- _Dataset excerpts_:
....

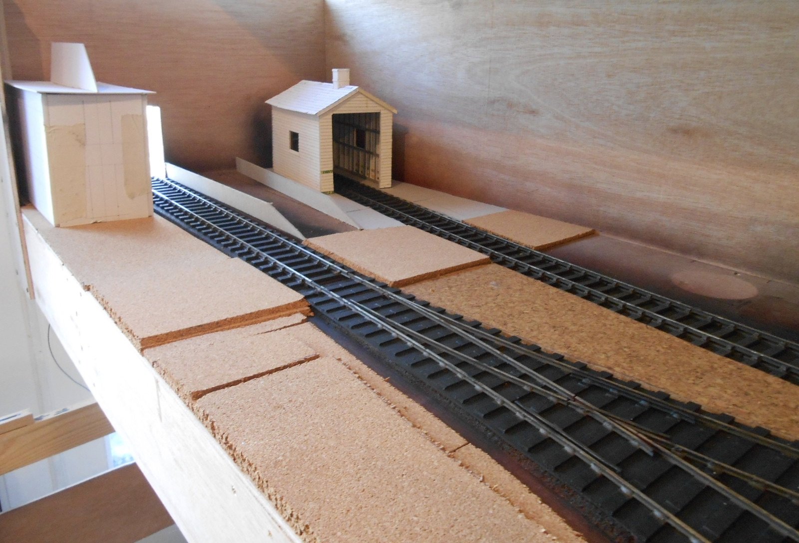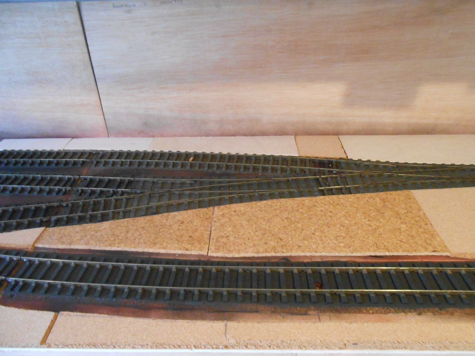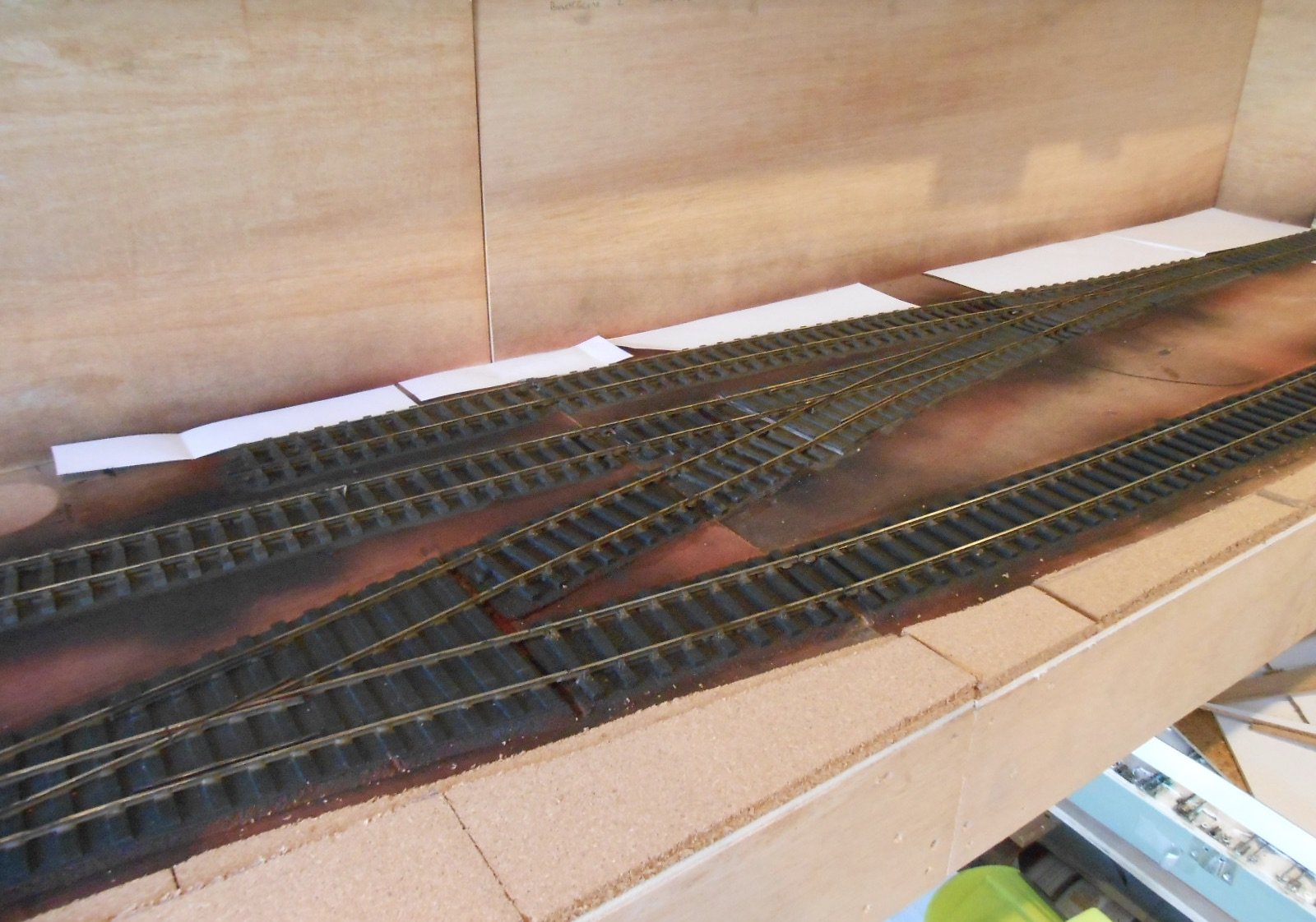 One of the nice things about building your own layouts is there is always something new to do. You can always play trains as well of course, so with with my two Irish layouts going out to shows in October & November, plus this new one on the go, I have plenty of choice! Next job on the BR layout was to get the track painted. So back to Martyn Welch's seminal 'Art of Weathering'. This has excellent suggestions for track work. The mainline sleepers are deemed to be fairly new, so have been painted with a mix of matt black and chestnut [Humbrol 186]. Later, these will be dry brushed with gunmetal [53] which gives a slight silvery effect. The private sidings, being much older & run down track are a lighter colour and will also be getting the gunmetal treatment. Martyn's suggestion for rails and chairs is to use a mix of leather [62], orange [82] and matt black for the mainline, but with gunmetal added for the sidings - along with further treatment to follow. As it is only a small layout, there is more reason to go to town with the fine details. Something that has been bugging me for a while is the ground levels on the layout. The mainline sits on 3mm cork, while the sidings are just laid on the base board. The mainline would have a cess running beside the ballast shoulder, so this becomes my datum, as it were. The problem has been deciding where the ground levels would be in the sidings - at the base of the sleeper or level with the tops, while road surfaces need to be level with the rails where there is a crossing. Ultimately, it is a bit like doing a painting - you start with the background and gradually work forwards. With a model though, you are working in three dimensions, hence the desire to get the base levels right. Another thing to think about was that this is intended to be a 'jigsaw' layout, with exchangeable sections to try and portray several different locations over time. Ultimately, decided to start with the permanent sections - the front edge, the level crossing to the yard and the area around the loco shed. These were built up with cork and card, cut to shape after first making paper formers. The same method was used to create the removable sections too. The removable sections have been cut from 3mm ply and comprise the areas in front of the back scene [mainly on the second baseboard, plus one piece to cover the join and another to hide the exit to the fiddle yard. However, NPQ at Aldershot this weekend, after which it is only a few weeks to Tolworth in November and Swillybegs first outing. Get these out of the way and I can hopefully get back to this layout again. Variety is the spice of life, after all.
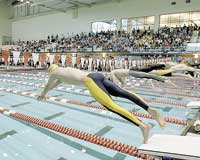 Swimmers start the final heat of the 1,650-yard freestyle during the Division III Men’s Swimming and Diving Championships. Kenyon’s Eric Dunn won the event along with the 500-yard freestyle to help the Lords outdistance Denison in the team standings. Dave Einsel/NCAA Photos.
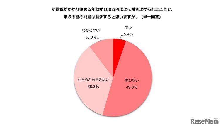 しゅふJOB総研は2025年6月17日、「所得税160万円への引き上げ」をテーマとした、仕事と家庭の両立を希望する主婦・主夫層対象のアンケート調査結果を発表した。所得税の課税最低限160万円への引き上げが「年収の壁」解決策になると「思う」はわずか5.4%、「思わない」は49.0%だった。
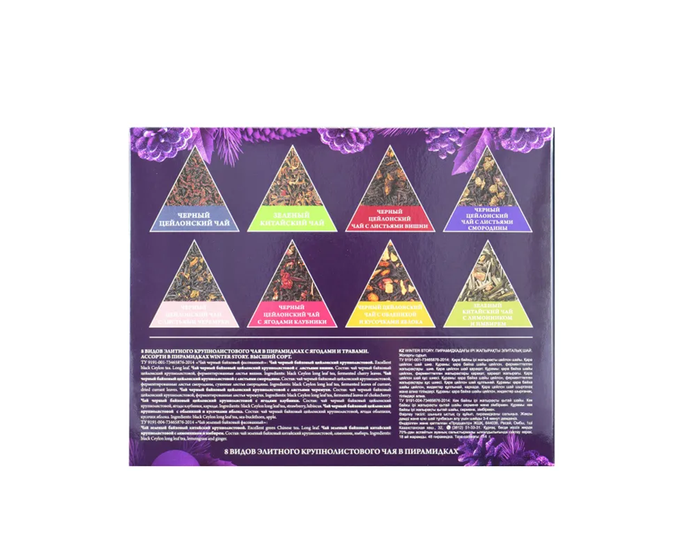 Чай новогодний подарочный набор включает в себя 48 пирамидок, каждая из которых содержит эксклюзивный выбор чая: черного и зеленого листового чая из самых изысканных сортов. Эти пирамидки чая удобны в использовании и обеспечивают легкое заваривание вашего любимого напитка.
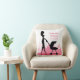 Este travesseiro foi projetado com um padrão de metrópole rosa com uma silhueta de uma mãe empurrando um carrinho através de um horizonte de cidade cor-de-rosa, tanto frente quanto atrás, e pode ser personalizado com um nome e data. Faz um presente de excelente para qualquer um com uma nova menina! Travesseiro adorável para um viveiro.
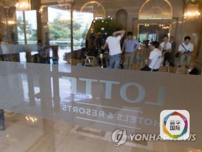 7月31日,記者們守在首爾樂天酒店,準備采訪當事人。(圖片來源:韓聯社)
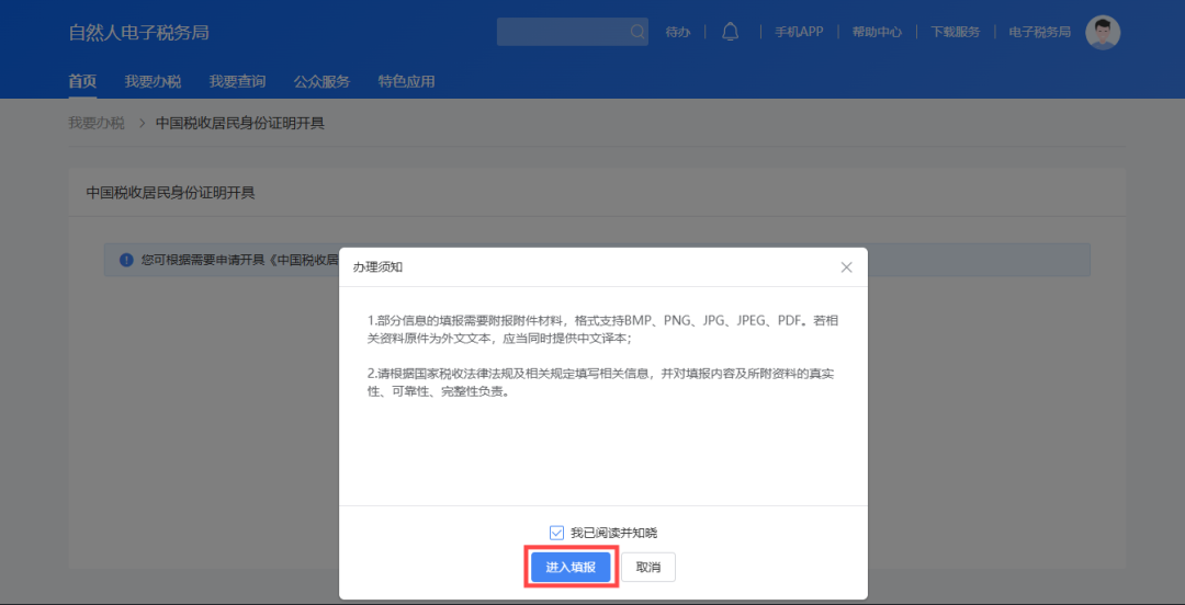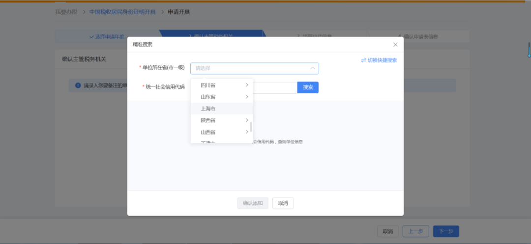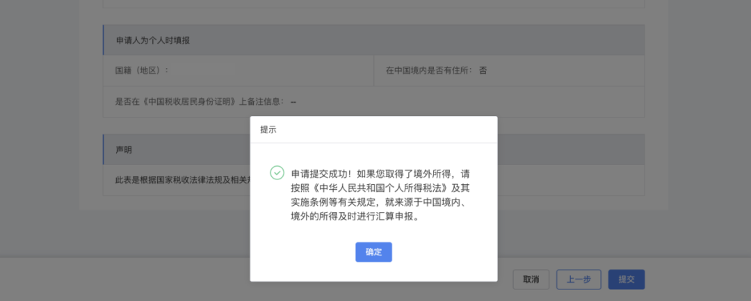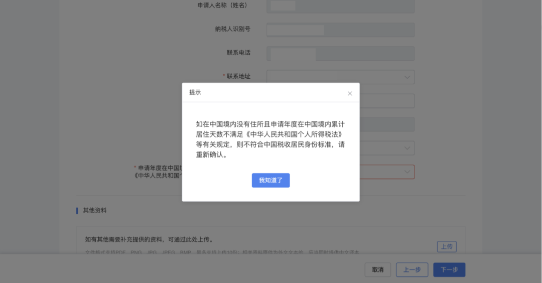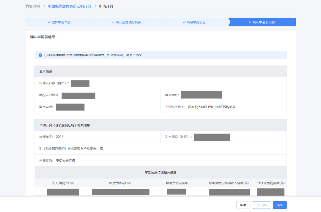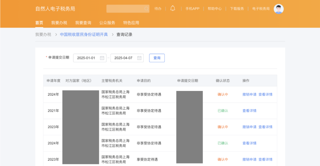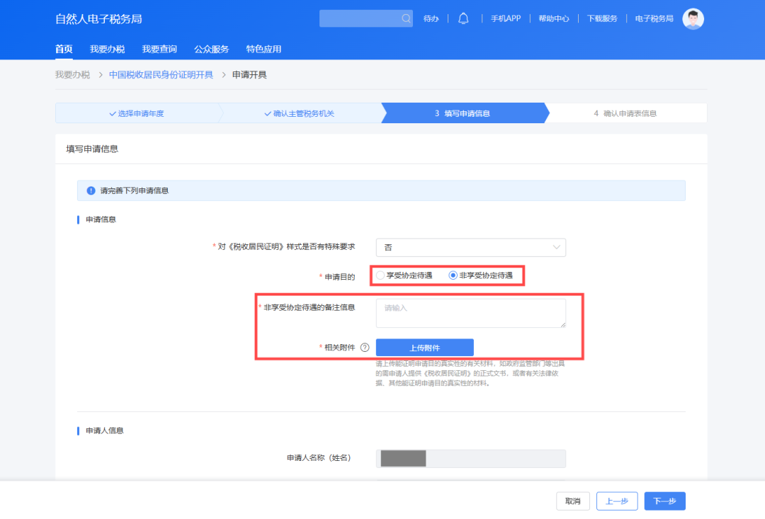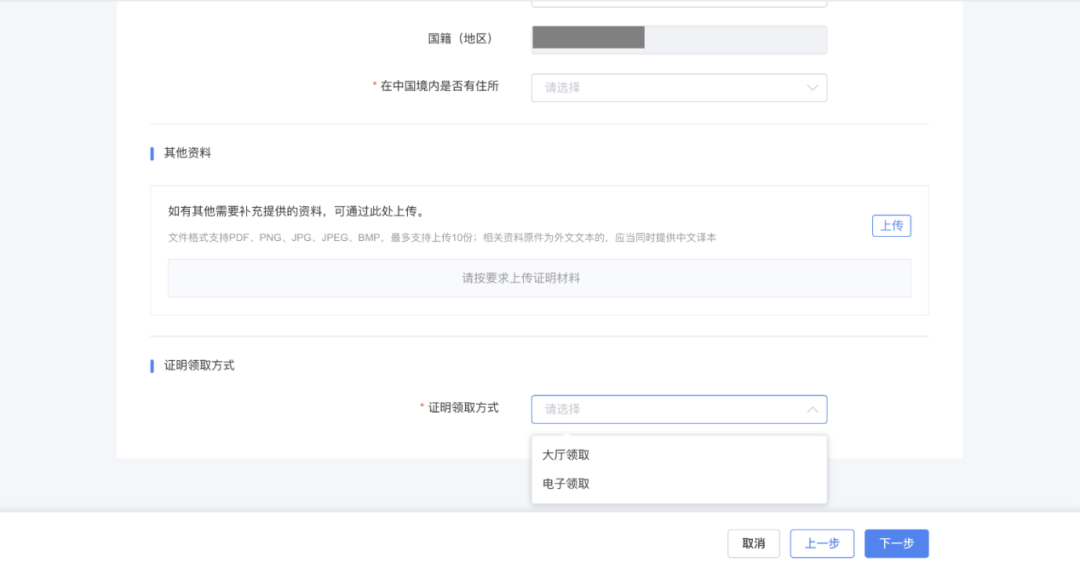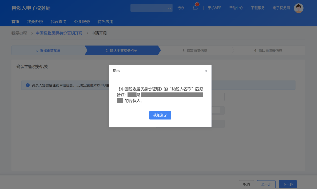居民个人新版中国税收居民身份证明线上办理流程如下: 第二步,系统将提示办理须知,勾选【我已阅读并知晓】,进入填报。 第三步,选择申请年度。需填写申请年度、对方国家(地区)及是否在《税收居民证明》上备注信息。申请人可以就其构成中国税收居民的任一公历年度开具《税收居民证明》。 若申请人为中国境内注册登记的个体工商户、个人独资企业或合伙企业,并且需要在《税收居民证明》上备注信息,请按自身登记注册类型勾选对应选项并上传登记注册证书;若不属于上述情形,请勾选【无需备注信息】。 第四步,确认主管税务机关。若申请人在“是否在《中国税收居民身份证明》上备注信息”勾选【无需备注信息】,主管税务机关规则可选择【户籍所在地】或【经常居住地】。 若申请人在“是否在《中国税收居民身份证明》上备注信息”勾选相关选项,需录入要备注的单位信息,以确定受理本次申请的主管税务机关。点击【单位纳税人识别号】,可在弹窗中输入统一社会信用代码或单位名称,点击【搜索】,查询单位信息。如“快捷搜索”未查询出您的企业,可点击切换为“精准搜索”进行查找。“单位所在省(市一级)”选择企业所在省/市,输入统一社会信用代码进行搜索。 以合伙企业为例,查询到单位信息后,勾选企业,点击确认添加,如申请人与被选企业存在投资关系,系统提示“《税收居民证明》的纳税人名称后拟备注:XX(居民个人名称)是XXXXX(企业名称)的合伙人”;反之,系统提示“您与该单位不存在投资关系,不可备注该企业。” 录入需备注的单位信息后,点击【下一步】。 第五步,填写申请信息。如果“对《税收居民证明》样式是否有特殊要求”选择【是】,需上传“需要特殊样式的书面说明以及《中国税收居民身份证明》样式”,“证明领取方式”只能选择【大厅领取】。 “申请目的”可选择【享受协定待遇】或【非享受协定待遇】。若您选择【享受协定待遇】,需填写对方纳税人名称和拟适用协定名称等信息,并上传“与拟享受协定待遇收入有关的合同、协议、董事会或者股东决议、相关支付凭证等证明材料”。 若您选择【非享受协定待遇】,需填写【非享受协定待遇的备注信息】,并上传“能证明申请目的真实性的有关材料,如政府监管部门等出具的需申请人提供《税收居民证明》的正式文书,或者有关法律依据、其他能证明申请目的真实性的材料”。(该备注供税务机关审核使用,不会展示在最终出具的证明文本上)。 核对申请人信息。若“在中国境内是否有住所”选择【是】,“有住所个人提供因户籍、家庭、经济利益关系而在中国境内习惯性居住的证明材料或说明材料”可勾选【户籍】、【家庭】、【经济利益】并需上传相关材料,上述选项可多选。 若“在中国境内是否有住所”选择【否】,“申请年度在中国境内累计居住天数是否满足《中华人民共和国个人所得税法》等有关规定”可勾选【是】或【否】;若选择【是】,需提供“有关部门出具的申请人申请年度出入境记录”、“申请人申请年度护照”(港澳居民需提供《港澳居民来往内地通行证》,台湾居民需提供《台湾居民来往大陆通行证》)。 若选择【否】,系统将提示“如在中国境内没有住所且申请年度在中国境内累计居住天数不满足《中华人民共和国个人所得税法》等有关规定,则不符合中国税收居民身份标准,请重新确认”。 如您有其他需要补充提供的材料,可在“其他材料”模块上传。“证明领取方式”可选择【电子领取】或【大厅领取】。选择【电子领取】的,在税务机关确认通过后,可在自然人电子税务局接收到《税收居民证明》电子版。 第六步,核对您填写的申请表信息,如您核对无误点击【提交】,系统将提示“申请提交成功!如果您取得了境外所得,请按照《中华人民共和国个人所得税法》及其实施条例等有关规定,就来源于中国境内、境外的所得及时进行汇算申报。” 第七步,您可以在【我要办税】-【中国税收居民身份证明开具】-【查询已申请的记录】中查询办理进度。 领取证明 (2)若您选择大厅领取 新版《税收居民证明》取消了主管税务机关负责人签字,改为加盖主管税务机关公章。 |

....

- _Instructions for the task_:
Return every record exactly, without the pictures.

- _Response_:
 One of the nice things about building your own layouts is there is always something new to do. You can always play trains as well of course, so with with my two Irish layouts going out to shows in October & November, plus this new one on the go, I have plenty of choice! Next job on the BR layout was to get the track painted. So back to Martyn Welch's seminal 'Art of Weathering'. This has excellent suggestions for track work. The mainline sleepers are deemed to be fairly new, so have been painted with a mix of matt black and chestnut [Humbrol 186]. Later, these will be dry brushed with gunmetal [53] which gives a slight silvery effect. The private sidings, being much older & run down track are a lighter colour and will also be getting the gunmetal treatment. Martyn's suggestion for rails and chairs is to use a mix of leather [62], orange [82] and matt black for the mainline, but with gunmetal added for the sidings - along with further treatment to follow. As it is only a small layout, there is more reason to go to town with the fine details. Something that has been bugging me for a while is the ground levels on the layout. The mainline sits on 3mm cork, while the sidings are just laid on the base board. The mainline would have a cess running beside the ballast shoulder, so this becomes my datum, as it were. The problem has been deciding where the ground levels would be in the sidings - at the base of the sleeper or level with the tops, while road surfaces need to be level with the rails where there is a crossing. Ultimately, it is a bit like doing a painting - you start with the background and gradually work forwards. With a model though, you are working in three dimensions, hence the desire to get the base levels right. Another thing to think about was that this is intended to be a 'jigsaw' layout, with exchangeable sections to try and portray several different locations over time. Ultimately, decided to start with the permanent sections - the front edge, the level crossing to the yard and the area around the loco shed. These were built up with cork and card, cut to shape after first making paper formers. The same method was used to create the removable sections too. The removable sections have been cut from 3mm ply and comprise the areas in front of the back scene [mainly on the second baseboard, plus one piece to cover the join and another to hide the exit to the fiddle yard. However, NPQ at Aldershot this weekend, after which it is only a few weeks to Tolworth in November and Swillybegs first outing. Get these out of the way and I can hopefully get back to this layout again. Variety is the spice of life, after all.
 Swimmers start the final heat of the 1,650-yard freestyle during the Division III Men’s Swimming and Diving Championships. Kenyon’s Eric Dunn won the event along with the 500-yard freestyle to help the Lords outdistance Denison in the team standings. Dave Einsel/NCAA Photos.
 しゅふJOB総研は2025年6月17日、「所得税160万円への引き上げ」をテーマとした、仕事と家庭の両立を希望する主婦・主夫層対象のアンケート調査結果を発表した。所得税の課税最低限160万円への引き上げが「年収の壁」解決策になると「思う」はわずか5.4%、「思わない」は49.0%だった。
 Чай новогодний подарочный набор включает в себя 48 пирамидок, каждая из которых содержит эксклюзивный выбор чая: черного и зеленого листового чая из самых изысканных сортов. Эти пирамидки чая удобны в использовании и обеспечивают легкое заваривание вашего любимого напитка.
 Este travesseiro foi projetado com um padrão de metrópole rosa com uma silhueta de uma mãe empurrando um carrinho através de um horizonte de cidade cor-de-rosa, tanto frente quanto atrás, e pode ser personalizado com um nome e data. Faz um presente de excelente para qualquer um com uma nova menina! Travesseiro adorável para um viveiro.
 7月31日,記者們守在首爾樂天酒店,準備采訪當事人。(圖片來源:韓聯社)
居民个人新版中国税收居民身份证明线上办理流程如下: 第二步,系统将提示办理须知,勾选【我已阅读并知晓】,进入填报。 第三步,选择申请年度。需填写申请年度、对方国家(地区)及是否在《税收居民证明》上备注信息。申请人可以就其构成中国税收居民的任一公历年度开具《税收居民证明》。 若申请人为中国境内注册登记的个体工商户、个人独资企业或合伙企业,并且需要在《税收居民证明》上备注信息,请按自身登记注册类型勾选对应选项并上传登记注册证书;若不属于上述情形,请勾选【无需备注信息】。 第四步,确认主管税务机关。若申请人在“是否在《中国税收居民身份证明》上备注信息”勾选【无需备注信息】,主管税务机关规则可选择【户籍所在地】或【经常居住地】。 若申请人在“是否在《中国税收居民身份证明》上备注信息”勾选相关选项,需录入要备注的单位信息,以确定受理本次申请的主管税务机关。点击【单位纳税人识别号】,可在弹窗中输入统一社会信用代码或单位名称,点击【搜索】,查询单位信息。如“快捷搜索”未查询出您的企业,可点击切换为“精准搜索”进行查找。“单位所在省(市一级)”选择企业所在省/市,输入统一社会信用代码进行搜索。 以合伙企业为例,查询到单位信息后,勾选企业,点击确认添加,如申请人与被选企业存在投资关系,系统提示“《税收居民证明》的纳税人名称后拟备注:XX(居民个人名称)是XXXXX(企业名称)的合伙人”;反之,系统提示“您与该单位不存在投资关系,不可备注该企业。” 录入需备注的单位信息后,点击【下一步】。 第五步,填写申请信息。如果“对《税收居民证明》样式是否有特殊要求”选择【是】,需上传“需要特殊样式的书面说明以及《中国税收居民身份证明》样式”,“证明领取方式”只能选择【大厅领取】。 “申请目的”可选择【享受协定待遇】或【非享受协定待遇】。若您选择【享受协定待遇】,需填写对方纳税人名称和拟适用协定名称等信息,并上传“与拟享受协定待遇收入有关的合同、协议、董事会或者股东决议、相关支付凭证等证明材料”。 若您选择【非享受协定待遇】,需填写【非享受协定待遇的备注信息】,并上传“能证明申请目的真实性的有关材料,如政府监管部门等出具的需申请人提供《税收居民证明》的正式文书,或者有关法律依据、其他能证明申请目的真实性的材料”。(该备注供税务机关审核使用,不会展示在最终出具的证明文本上)。 核对申请人信息。若“在中国境内是否有住所”选择【是】,“有住所个人提供因户籍、家庭、经济利益关系而在中国境内习惯性居住的证明材料或说明材料”可勾选【户籍】、【家庭】、【经济利益】并需上传相关材料,上述选项可多选。 若“在中国境内是否有住所”选择【否】,“申请年度在中国境内累计居住天数是否满足《中华人民共和国个人所得税法》等有关规定”可勾选【是】或【否】;若选择【是】,需提供“有关部门出具的申请人申请年度出入境记录”、“申请人申请年度护照”(港澳居民需提供《港澳居民来往内地通行证》,台湾居民需提供《台湾居民来往大陆通行证》)。 若选择【否】,系统将提示“如在中国境内没有住所且申请年度在中国境内累计居住天数不满足《中华人民共和国个人所得税法》等有关规定,则不符合中国税收居民身份标准,请重新确认”。 如您有其他需要补充提供的材料,可在“其他材料”模块上传。“证明领取方式”可选择【电子领取】或【大厅领取】。选择【电子领取】的,在税务机关确认通过后,可在自然人电子税务局接收到《税收居民证明》电子版。 第六步,核对您填写的申请表信息,如您核对无误点击【提交】,系统将提示“申请提交成功!如果您取得了境外所得,请按照《中华人民共和国个人所得税法》及其实施条例等有关规定,就来源于中国境内、境外的所得及时进行汇算申报。” 第七步,您可以在【我要办税】-【中国税收居民身份证明开具】-【查询已申请的记录】中查询办理进度。 领取证明 (2)若您选择大厅领取 新版《税收居民证明》取消了主管税务机关负责人签字,改为加盖主管税务机关公章。 |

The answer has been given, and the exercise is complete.